La CJUE a rendu cet arrêt dans le cadre d'une affaire qui opposait deux associations françaises de soutien et d'entraide aux immigrés et demandeurs d'asile, la CIMADE et le GISTI, à l'Etat français. Les deux associations s'étaient offusquées d'une circulaire ministérielle diffusée le 3 novembre 2009 relative à l’allocation temporaire d’attente (ATT), qui excluait de ses bénéficiaires potentiels ceux qu'on appelle en France les "dublinés". En tant que revenu de subsistance, cette allocation est versée mensuellement aux demandeurs d’asile pendant toute la durée de la procédure d’instruction de leur demande. Le 26 janvier 2010, les deux associations avaient porté un recours devant le Conseil d'Etat français afin d'annuler la circulaire.
Le Conseil d'Etat avait à son tour déposé une demande de décision préjudicielle à la Cour de justice de l'Union européenne. Il souhaitait savoir si la directive garantit "le bénéfice des conditions minimales d'accueil qu'elle prévoit aux demandeurs pour lesquels un État membre saisi d'une demande d'asile décide de requérir un autre État membre qu'il estime responsable de l'examen de cette demande, pendant la durée de la procédure de prise en charge ou de reprise en charge par cet autre État membre".
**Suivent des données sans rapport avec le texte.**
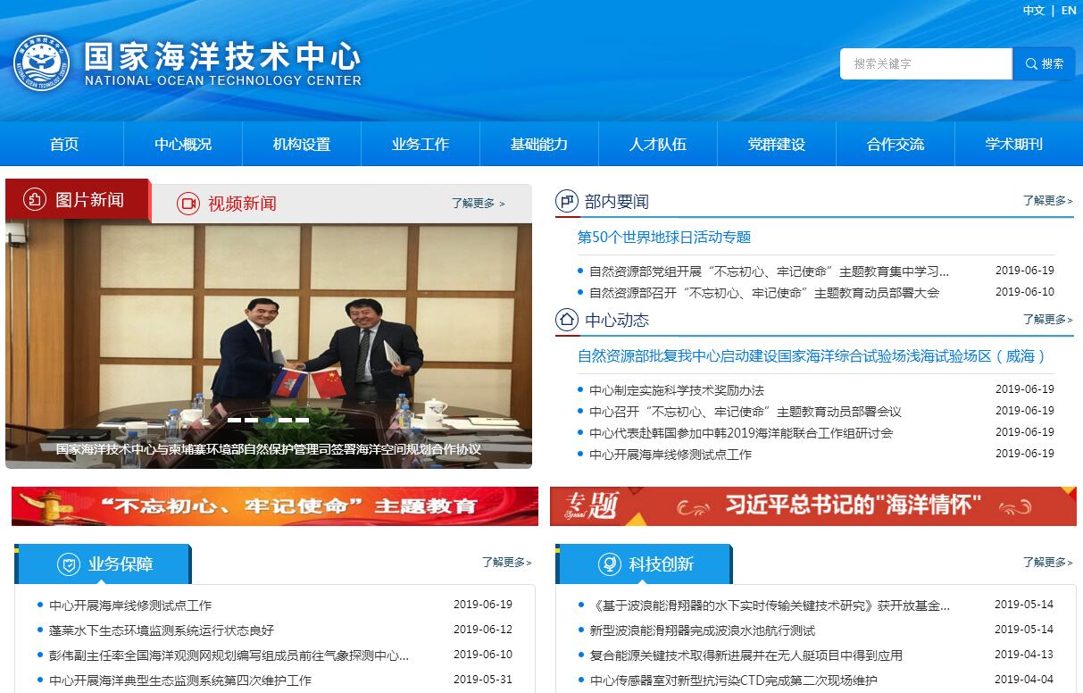 国家海洋技术中心创建于1965年,是隶属于自然资源部的国家公益性事业单位。中心主要职责是负责对全国海洋技术发展实施业务指导,为国家海洋自然资源管理、海洋公益服务及海洋安全保障提供技术支撑,开展我国海洋领域基础性、前沿性和关键共性技术创新。国家海洋技术中心主要业务方向包括:国家全球海洋立体观测网规划与设计、国家海洋观测网建设运行业务保障、海洋空间规划与功能区划研究与编制、海域海岛管理技术支撑、海洋资源调查监测与评估、国家海洋可再生能源管理技术支撑、国家海洋装备管理业务体系建设运行、国家海洋综合试验场运行管理、海洋军民融合业务支撑、海洋卫星遥感定标检验、国家海洋调查船队运行管理技术支撑、海洋无线电管理技术支撑、海洋技术发展战略与规划研究和海洋观测监测监视及海洋可再生能源利用技术创新。中心拥有国内规模最大的海洋监测技术和装备动力环境实验室。在威海、舟山和珠海万山分别建设运行国家海洋综合试验场、国家潮流能试验场和国家波浪能试验场。此外中心还拥有海洋观测网设计与状态监控技术实验室、海洋高性能传感器实验室、海洋剖面运动测量技术实验室、海底观测技术实验室、海洋装备可靠性和环境适应性综合测试实验室、深海可视压力实验室、海洋声学实验室、海洋光学和微波遥感定标检验技术实验室、海洋可再生能源能量转换和测试技术实验室、海洋空间规划和功能区划技术实验室、海洋生化和放射性实验室等一批特色突出、功能先进的实验室和试验设施。近十年以来,国家海洋技术中心累计承担国家863计划、国家科技支撑计划、国家重点研发计划、国家自然科学基金、行业科研专项、军方预研和型研等国家级高技术研究项目一百多项,有力的支撑了国家海洋预警监测、海洋自然资源调查、海域海岛综合管控、海洋生态环境保护与修复、极地大洋科考、海上国防建设和海洋经济发展。国家海洋技术中心通过了国军标质量管理体系资质(GB/T19001C-2016)和装备承制单位资格认证,具备国家海域使用论证甲级资质、国家测绘乙级资质。中心具有硕士学位授予权和博士后工作站。中心是中国海洋学会海洋观测技术分会、中国海洋工程咨询协会海洋可再生能源分会、中国太平洋学会海域管理分会、国家海洋标准化委员会海洋观测与海洋能分技术委员会挂靠单位。中心与世界二十多个国家和地区的十余个海洋部门、研究机构和国际组织建立了长期合作关系。代表中国政府加入了国际能源署海洋能系统实施协议(IEA-OES)。奋进新时代,创造新业绩。国家海洋技术中心将按照国家生态文明建设、海洋强国建设和统筹自然资源管理的战略部署,改革创新、锐意进取,不断提升公益服务水平,为建设国际一流的国家业务中心而努力奋斗!

Ensuite, si la Cour répondait à cette première question par l'affirmative, le Conseil d'Etat voulait savoir si l'Etat requérant était tenu d'accorder ces conditions minimales et à qui incombait les frais dus durant cette période. Or, sur ce point, la réponse fournie par la CJUE va également dans le sens d'une responsabilisation de l'Etat requérant. Pour ce dernier, l' "obligation s’impose, en principe, dès l’introduction de la demande d’asile" et ce "jusqu’au transfert effectif du demandeur d’asile vers l’État membre responsable". Autrement dit, cette obligation s'étend "pendant toute la durée nécessaire à la détermination de l'Etat membre responsable de la demande".
La Cour précise que le demandeur d'asile a le droit de demeurer non seulement sur le territoire de l'Etat où était examinée sa demande mais aussi, jusqu'à son transfert effectif, sur le territoire de l'Etat dans lequel sa demande avait été déposée.
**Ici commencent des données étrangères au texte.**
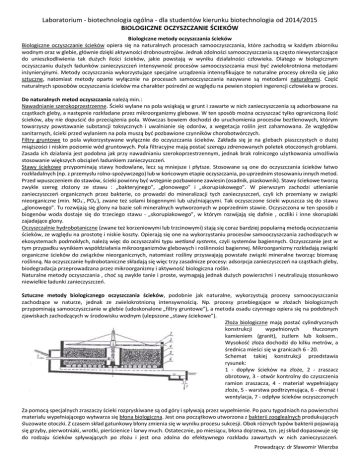 Laboratorium - biotechnologia ogólna - dla studentów kierunku biotechnologia od 2014/2015 BIOLOGICZNE OCZYSZCZANIE ŚCIEKÓW Biologiczne metody oczyszczania ścieków Biologiczne oczyszczanie ścieków opiera się na naturalnych procesach samooczyszczania, które zachodzą w każdym zbiorniku wodnym oraz w glebie, głównie dzięki aktywności drobnoustrojów. Jednak zdolności samooczyszczania są często niewystarczające do unieszkodliwienia tak dużych ilości ścieków, jakie powstają w wyniku działalności człowieka. Dlatego w biologicznym oczyszczaniu dużych ładunków zanieczyszczeń intensywność procesów samooczyszczania musi być zwielokrotniona metodami inżynieryjnymi. Metody oczyszczania wykorzystujące specjalne urządzenia intensyfikujące te naturalne procesy określa się jako sztuczne, natomiast metody oparte wyłącznie na procesach samooczyszczania nazywane są metodami naturalnymi. Część naturalnych sposobów oczyszczania ścieków ma charakter pośredni ze względu na pewien stopień ingerencji człowieka w proces. Do naturalnych metod oczyszczania należą min.: Nawadnianie szerokoprzestrzenne. Ścieki wylane na pola wsiąkają w grunt i zawarte w nich zanieczyszczenia są adsorbowane na cząstkach gleby, a następnie rozkładane przez mikroorganizmy glebowe. W ten sposób można oczyszczać tylko ograniczoną ilość ścieków, aby nie dopuścić do przeciążenia pola. Wówczas bowiem dochodzi do uruchomienia procesów beztlenowych, którym towarzyszy powstawanie substancji toksycznych i uwalnianie się odorów, a wegetacja roślin jest zahamowana. Ze względów sanitarnych, ścieki przed wylaniem na pola muszą być pozbawione czynników chorobotwórczych. Filtry gruntowe to pola wykorzystywane wyłącznie do oczyszczania ścieków. Zakłada się je na glebach piaszczystych o dużej miąższości i niskim poziomie wód gruntowych. Pola filtracyjne mają postać szeregu zdrenowanych poletek otoczonych groblami. Zasada ich działania jest podobna jak przy nawadnianiu szerokoprzestrzennym, jednak brak rolniczego użytkowania umożliwia stosowanie większych obciążeń ładunkiem zanieczyszczeń. Stawy ściekowe przypominają stawy hodowlane, lecz są mniejsze i płytsze. Stosowane są one do oczyszczania ścieków łatwo rozkładalnych (np. z przemysłu rolno-spożywczego) lub w końcowym etapie oczyszczania, po uprzednim stosowaniu innych metod. Przed wpuszczeniem do stawów, ścieki powinny być wstępnie pozbawione zawiesin (osadnik, piaskownik). Stawy ściekowe tworzą zwykle szereg złożony ze stawu : „bakteryjnego”, „glonowego” i „skorupiakowego”. W pierwszym zachodzi utlenianie zanieczyszczeń organicznych przez bakterie, co prowadzi do mineralizacji tych zanieczyszczeń, czyli ich przemiany w związki nieorganiczne (min. NO3-, PO4-), zwane też solami biogennymi lub użyźniającymi. Tak oczyszczone ścieki wpuszcza się do stawu „glonowego”. Tu rozwijają się glony na bazie soli mineralnych wytworzonych w poprzednim stawie. Oczyszczona w ten sposób z biogenów woda dostaje się do trzeciego stawu - „skorupiakowego”, w którym rozwijają się dafnie , oczliki i inne skorupiaki zajadające glony. Oczyszczalnie hydrobotaniczne (zwane też korzeniowymi lub trzcinowymi) stają się coraz bardziej popularną metodą oczyszczania ścieków, ze względu na prostotę i niskie koszty. Opierają się one na wykorzystaniu procesów samooczyszczania zachodzących w ekosystemach podmokłych, należą więc do oczyszczalni typu wetland systems, czyli systemów bagiennych. Oczyszczanie jest w tym przypadku wynikiem współdziałania mikroorganizmów glebowych i roślinności bagiennej. Mikroorganizmy rozkładają związki organiczne ścieków do związków nieorganicznych, natomiast rośliny przyswajają powstałe związki mineralne tworząc biomasę roślinną. Na oczyszczanie hydrobotaniczne składają się więc trzy zasadnicze procesy: adsorpcja zanieczyszczeń na cząstkach gleby, biodegradacja przeprowadzana przez mikroorganizmy i aktywność biologiczna roślin. Naturalne metody oczyszczania , choć są zwykle tanie i proste, wymagają jednak dużych powierzchni i neutralizują stosunkowo niewielkie ładunki zanieczyszczeń. Sztuczne metody biologicznego oczyszczania ścieków, podobnie jak naturalne, wykorzystują procesy samooczyszczania zachodzące w naturze, jednak ze zwielokrotnioną intensywnością. Np. procesy przebiegające w złożach biologicznych przypominają samooczyszczanie w glebie (udoskonalone „filtry gruntowe”), a metoda osadu czynnego opiera się na podobnych zjawiskach zachodzących w środowisku wodnym (ulepszone „stawy ściekowe”). Złoża biologiczne mają postać cylindrycznych konstrukcji wypełnionych tłuczonym kamieniem (granit), żużlem lub koksem.. Wysokość złoża dochodzi do kilku metrów, a średnica mieści się w granicach 6 - 20. Schemat takiej konstrukcji przedstawia rysunek: 1 - dopływ ścieków na złoże, 2 - zraszacz obrotowy, 3 - otwór kontrolny do czyszczenia ramion zraszacza, 4 - materiał wypełniający złoże, 5 - warstwa podtrzymująca, 6 - drenaż i wentylacja, 7 - odpływ ścieków oczyszczonych Za pomocą specjalnych zraszaczy ścieki rozpryskiwane są od góry i spływają przez wypełnienie. Po paru tygodniach na powierzchni materiału wypełniającego wytwarza się błona biologiczna. Jest ona początkowo utworzona z bakterii zooglealnych produkujących śluzowate otoczki. Z czasem skład gatunkowy błony zmienia się w wyniku procesu sukcesji. Obok różnych typów bakterii pojawiają się grzyby, pierwotniaki, wrotki, pierścienice i larwy much. Ostatecznie, po miesiącu, błona dojrzewa, tzn. jej skład dopasowuje się do rodzaju ścieków spływających po złożu i jest ona zdolna do efektywnego rozkładu zawartych w nich zanieczyszczeń. Prowadzący: dr Sławomir Wierzba Laboratorium - biotechnologia ogólna - dla studentów kierunku biotechnologia od 2014/

"La Commission, comme la Grèce, l’Italie (avec une variante), la Pologne, la République Tchèque et la Suisse était sur une ligne très proche", rapporte la CIMADE sur son site internet. "La République française, quant à elle, considérait que la directive accueil n’est pas applicable aux demandeurs d’asile sous Dublin car ils sont exclus du dépôt d’une demande d’asile et de l’application de la directive procédures d’asile." Le Haut commissariat aux réfugiés et la Commission européenne auraient également partagé la même vue que les deux associations plaignantes. L'affaire était donc quasiment entendue. Dans ses conclusions du 15 mai 2012, l'avocate générale avait d'ailleurs déclaré qu'il lui semblait "non seulement que la République française interprète mal la directive, mais aussi qu’elle l’applique de manière incorrecte".
A noter néanmoins que, dans son arrêt, la CJUE a rappelé qu'en vertu de la directive les conditions minimales d’accueil peuvent être limitées ou retirées dans les situations où le demandeur d’asile ne respecte pas le régime d’accueil établi par l’État membre concerné.